### HOW TO COMPLETE THIS TASK:
Provide again, from the entries below, every line from the one containing "Blusa colete alfaiataria" through the one containing "中原大臣政務官は、8月6日(水)、東京湾", exactly as written, and no other line.

### DATASET EXCERPTS:
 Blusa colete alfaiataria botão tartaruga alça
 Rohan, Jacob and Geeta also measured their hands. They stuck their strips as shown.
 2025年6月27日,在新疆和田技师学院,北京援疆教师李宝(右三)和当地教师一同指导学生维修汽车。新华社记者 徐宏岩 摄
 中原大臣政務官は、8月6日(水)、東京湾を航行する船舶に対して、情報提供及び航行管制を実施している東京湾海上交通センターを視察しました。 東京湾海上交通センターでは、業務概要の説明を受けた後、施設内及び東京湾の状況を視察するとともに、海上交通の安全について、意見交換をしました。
==
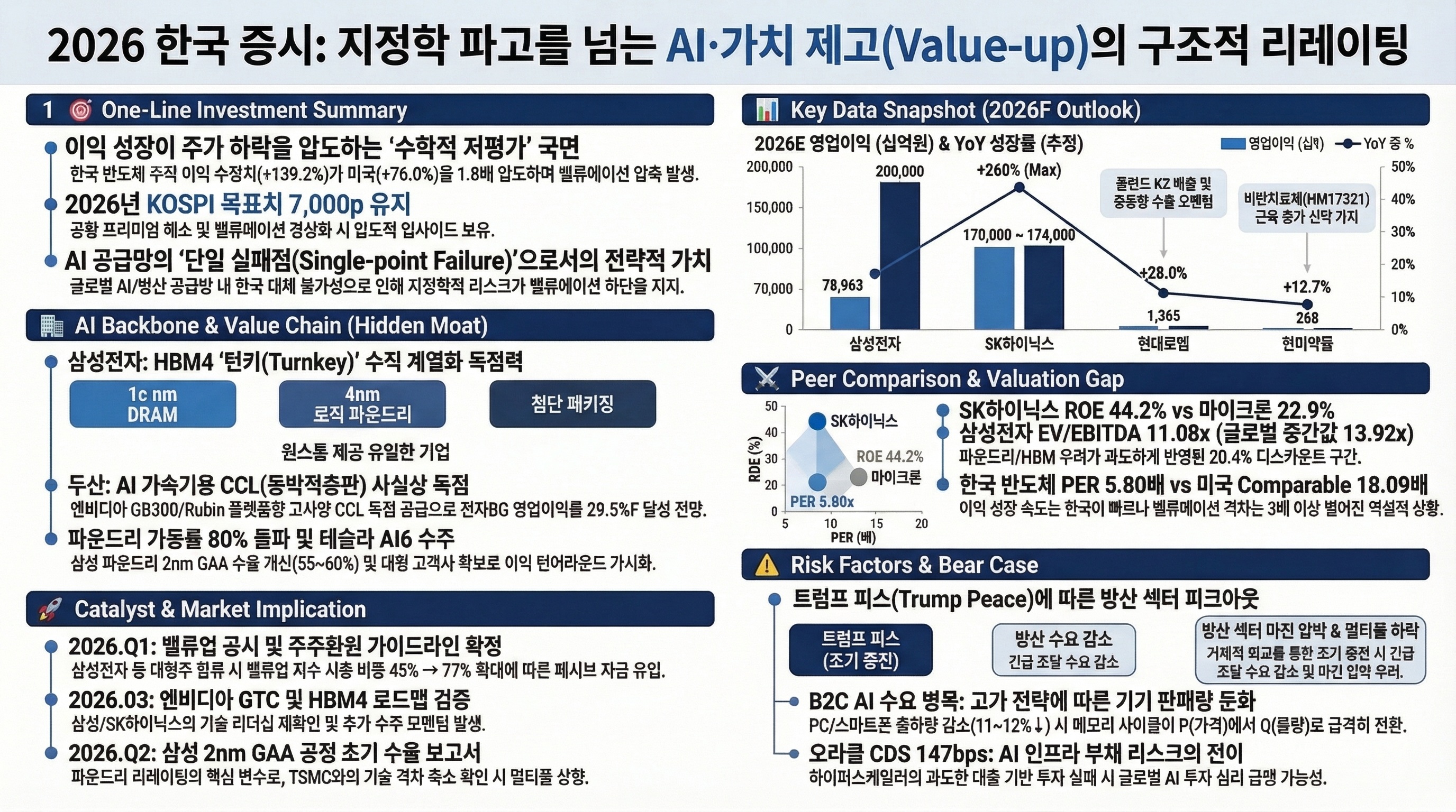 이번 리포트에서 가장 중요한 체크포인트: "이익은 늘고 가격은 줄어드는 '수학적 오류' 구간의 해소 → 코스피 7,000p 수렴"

### EXPECTED ANSWER:
 Blusa colete alfaiataria botão tartaruga alça
 Rohan, Jacob and Geeta also measured their hands. They stuck their strips as shown.
 2025年6月27日,在新疆和田技师学院,北京援疆教师李宝(右三)和当地教师一同指导学生维修汽车。新华社记者 徐宏岩 摄
 中原大臣政務官は、8月6日(水)、東京湾を航行する船舶に対して、情報提供及び航行管制を実施している東京湾海上交通センターを視察しました。 東京湾海上交通センターでは、業務概要の説明を受けた後、施設内及び東京湾の状況を視察するとともに、海上交通の安全について、意見交換をしました。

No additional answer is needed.